* _About this task_:
Could you give back exactly the lines below from the one with "섞지 않았을 때는 맛이" through the one with "Đại tướng Phùng", without a single picture?

* _Data under study_:
----------
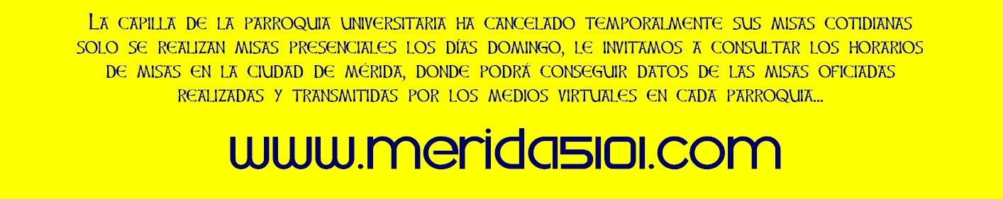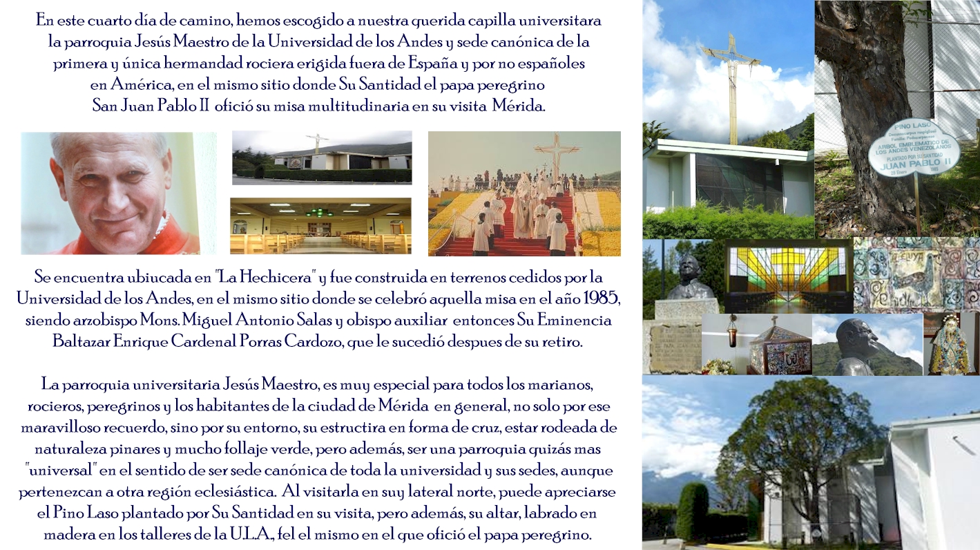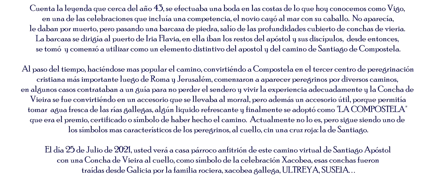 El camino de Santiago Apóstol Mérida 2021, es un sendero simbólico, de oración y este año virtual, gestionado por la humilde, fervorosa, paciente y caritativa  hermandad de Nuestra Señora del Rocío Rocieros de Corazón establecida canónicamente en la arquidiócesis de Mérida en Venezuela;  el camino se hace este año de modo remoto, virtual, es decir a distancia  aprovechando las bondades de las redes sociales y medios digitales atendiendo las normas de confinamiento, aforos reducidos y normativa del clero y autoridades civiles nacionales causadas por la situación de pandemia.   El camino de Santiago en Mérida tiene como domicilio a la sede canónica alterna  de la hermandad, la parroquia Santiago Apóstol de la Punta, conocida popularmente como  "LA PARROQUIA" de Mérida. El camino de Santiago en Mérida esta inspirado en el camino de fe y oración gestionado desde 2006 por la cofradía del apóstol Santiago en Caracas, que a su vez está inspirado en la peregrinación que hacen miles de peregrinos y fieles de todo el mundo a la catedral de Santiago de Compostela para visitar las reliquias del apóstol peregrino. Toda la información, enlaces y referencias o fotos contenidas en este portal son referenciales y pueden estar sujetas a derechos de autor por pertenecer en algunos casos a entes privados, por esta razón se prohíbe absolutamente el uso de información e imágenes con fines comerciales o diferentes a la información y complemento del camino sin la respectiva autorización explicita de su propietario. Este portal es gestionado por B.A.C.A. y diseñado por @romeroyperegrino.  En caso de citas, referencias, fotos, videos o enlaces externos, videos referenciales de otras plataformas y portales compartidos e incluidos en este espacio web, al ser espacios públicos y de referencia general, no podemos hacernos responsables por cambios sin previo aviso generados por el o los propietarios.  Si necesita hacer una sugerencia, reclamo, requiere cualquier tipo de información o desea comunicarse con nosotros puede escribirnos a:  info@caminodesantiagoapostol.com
----------
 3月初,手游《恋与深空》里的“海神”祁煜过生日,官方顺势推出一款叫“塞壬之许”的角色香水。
----------
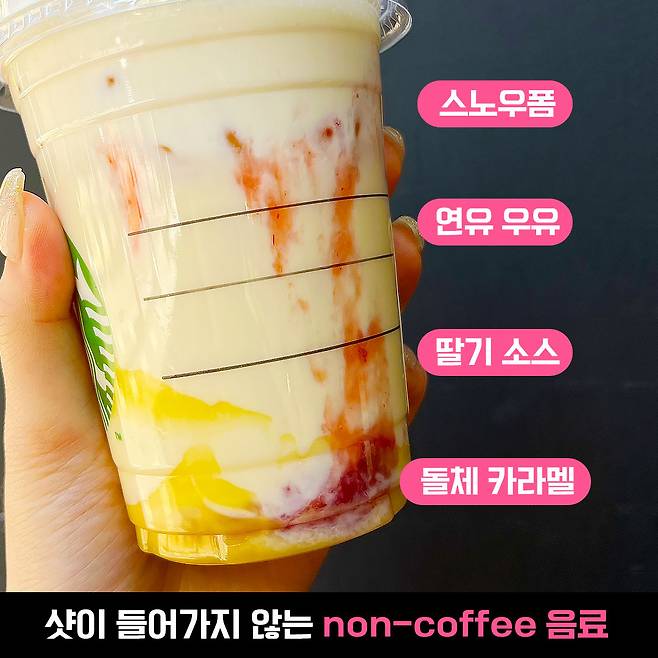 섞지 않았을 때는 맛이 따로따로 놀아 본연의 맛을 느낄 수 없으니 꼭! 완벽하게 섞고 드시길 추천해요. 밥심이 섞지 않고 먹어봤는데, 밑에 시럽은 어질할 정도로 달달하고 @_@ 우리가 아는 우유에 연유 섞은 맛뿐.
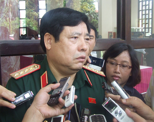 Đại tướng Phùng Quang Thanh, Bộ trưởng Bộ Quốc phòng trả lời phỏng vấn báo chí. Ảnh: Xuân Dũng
----------
* _Response area_:
 섞지 않았을 때는 맛이 따로따로 놀아 본연의 맛을 느낄 수 없으니 꼭! 완벽하게 섞고 드시길 추천해요. 밥심이 섞지 않고 먹어봤는데, 밑에 시럽은 어질할 정도로 달달하고 @_@ 우리가 아는 우유에 연유 섞은 맛뿐.
 Đại tướng Phùng Quang Thanh, Bộ trưởng Bộ Quốc phòng trả lời phỏng vấn báo chí. Ảnh: Xuân Dũng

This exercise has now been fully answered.